アファメーションは学問分野では臨床心理学・認知科学の範疇で取り扱われてはいるものの、その学問的な正当性はあまり高くなさそうだ。関連の論文を検索しようと “ac.jp” をつけて探してみると論文をひとつ見つけることができたが、これの掲載されている学術雑誌の目次を見てみると個人的にはちょっと良くない意味で「うおお…」とのけぞるような感じだった。
学者による論文があって、関連する学会があって、というだけでは信憑性がはかれないのが科学の難しいところだ。
西尾氏と苫米地氏
日本でアファメーション関連の書籍を出している学者で目立つのは西尾和美氏(臨床心理学者、機能不全家族やACに詳しい)と苫米地英人氏(認知科学者)の2人だ。
西尾氏は2000円強のCDブックをAmazonや所属協会のサイトで複数出しているが、こちらだけは2万円近くする。このCDの評判はなかなか良いようだが、これが不当に高額であるかどうかは私には判断できないし、私は音声が苦手なので買う気にもならない。検証のためだけにおちおち購入できる値段でもないので、感想が言えず申し訳ない。ただし彼女の書籍は、基本的にはとても良いものと個人的には感じている(ACに向かって「親を許しなさい」と言うところだけは気に食わないが)。
苫米地氏については、心理学的な根拠が不十分であることや、書籍・セミナーなどで稼いでいる旨などを指摘する記事(この記事自体も情報商材屋のページなので注意)があった。彼の書籍の並びを見ていると、何かのメソッドを魔法のように褒めそやす扇情的なタイトルも多いように感じて個人的にはとても怪しく感じた。
彼ら2人以外の著者による関連書籍やネット記事となると、個人的には怪しすぎて近づきたくないものが大半のように思えた。単にアファメーションでGoogle検索すると「引き寄せの法則」とか「年収1億に!」とかいった言葉を散りばめた記事が上位にヒットして、怪しいことこのうえない。
ニューエイジの潮流
アファメーションの項は日本語版ウィキペディアには存在しないのだが、英語版は存在する。
Affirmations (New Age) – Wikipedia
このページによると、アファメーションの考え方はニューエイジの潮流に位置し、NLP(神経言語プログラミング)やNAC(神経連想コンディショニング)の分野と関連があるらしい。
ニューエイジとは日本語版ウィキペディアによれば以下のようなものだ。
ニューエイジ(New Age)とは、字義どおりには「新しい時代」であるが、神智学を淵源として1960年代にアメリカ合衆国西海岸を中心地とした霊(霊性・スピリチュアリティ)的、宗教的思想であり運動。玉石混交の感は否めないが、その思想的影響は現代思想史上、多大な影響と功績をもたらした。
―ニューエイジ – Wikipedia
ニューエイジ思想は世界的な影響を残した。20世紀後半ぐらいの時代にアメリカから入ってきた精神世界系の思想に触れるときには、ニューエイジ的なものが背景にあるかもしれないと当たりをつけておくといいかもしれない。特に自己啓発的な要素を含むものはニューエイジの息がかかっていると考えてだいたい間違いないはずだ。ニューエイジの根本的態度は自己啓発にあると言ってもいいからだ。
現在日本で流行ったり廃れたりしている「アメリカで大流行した」自己啓発メソッドは、ほとんどがニューエイジ系思想の輸入物(たいていは輸入の過程で少し劣化している)だ。ちなみに、かのアップル創始者スティーブ・ジョブズもがっつりとニューエイジの薫陶を受けている。

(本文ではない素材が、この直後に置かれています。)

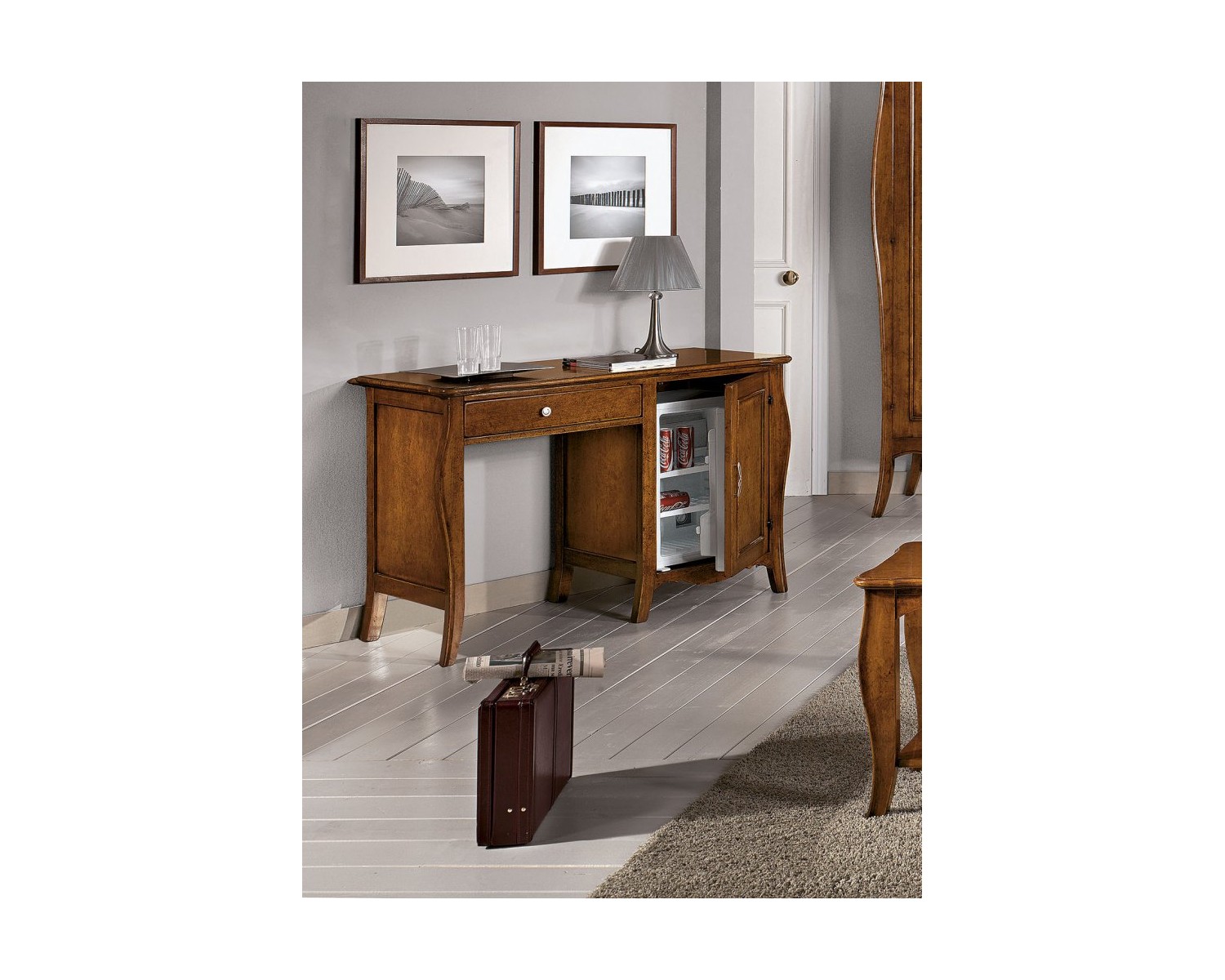 Scrittoio a 1 porta e 1 cassetto con vano porta frigorifero IN LEGNO MASSELLO

西尾氏が臨床心理学を学んだのも、活動を展開している中心地も米国カリフォルニア州。彼女は1945年生まれなので、単純計算でいけば彼女は大学学部生から修士・博士時代、ニューエイジの空気をたっぷり吸いながら研究を行ったことになる。
簡単にいえばアファメーションは、アメリカ西海岸から伝わってきた数ある自己啓発メソッドのうちのひとつなのである。
アファメーションの危険性
(安易な)アファメーションの危険性はネット上の記事を見るかぎりでもたくさん指摘されている。特に散見されるのが、以下のような場合においてアファメーションを使った場合に弊害があるという旨の記述だ。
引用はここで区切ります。